As a preface, known data of any kind is the enemy. If everyone could have their own privately protected fiber line to every other node that would be almost ideal, but it is not realistic. Eventually even then each line or major junctions of lines would be monitored. That doesn't mean you should give up on privacy and anonymity, which I believe plays an extremely importatnt role in protecting open free speech.
Basically this post very generally tries to implement ideas from what I imagine a true mixnet would use. Complete data encryption/obfuscation, full transportation freedom with multi-homing, data aggregation, and raiding/striping. (Don't say homomorphic encryption, don't say homomorphic encryption..

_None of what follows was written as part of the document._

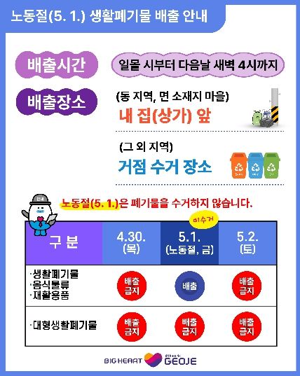 거제시는 5월 1일 노동절에는 자원순환시설을 운영하지 않으며, 생활폐기물 수집·운반 대행업체 근로자의 휴무가 시행됨에 따라 일반생활·음식·재활용품·대형생활폐기물이 수거되지 않는다고 밝혔다.

) https://en.wikipedia.org/wiki/Multihoming https://en.wikipedia.org/wiki/Link_aggregation https://speedify.com/blog/combining-internet-connections/link-aggregation-router-software/ https://www.connectify.me/blog/wifi-bridge/bridging-vs-bonding-explained/ https://ieeexplore.ieee.org/document/880788
Jun 27 '19: https://youtu.be/rLjMrIWHsxs?t=1349
#3 There is no way to connect to other nodes without showing who you are immediately connected to. There are ways around this but no one would casually use it; If it required you to buy expensive hardware and bounce signals off the moon, or an alternate method of communication using Line-of-Sight/Transparent data communications that is of no obvious origin and offering no single redirection point, making it difficult to track but not impossible [EG point-to-point and point-to-multipoint wireless backbone hauls but with terahertz optics
In reality the best way would be to never have a handshake between nodes and instead start with a constant stream of encrypted data with a rolling key [Preshared EG via carrier pigeon, codeworded news stories, broadcast in ciphered morse by hooking a capacitor to the prison bars, or sent in a charge controller chip with PGP over ebay
], to never require your network traffic to travel over known monitored trans-regional and international backbone junctions, never be easily tied to a unique IP address or MAC or subscription to an ISP, never worry about attackers running dozens of analysis and sniffer nodes in the network, and ideally never worry about "what you say can't hurt you".
Icu2/P (I see you, too!
) suggested modifications to anonymous network architecture
Node = A computer participating in the I2P network. Hopefully it isn't a network tap, or a virtual node in a honeypot network.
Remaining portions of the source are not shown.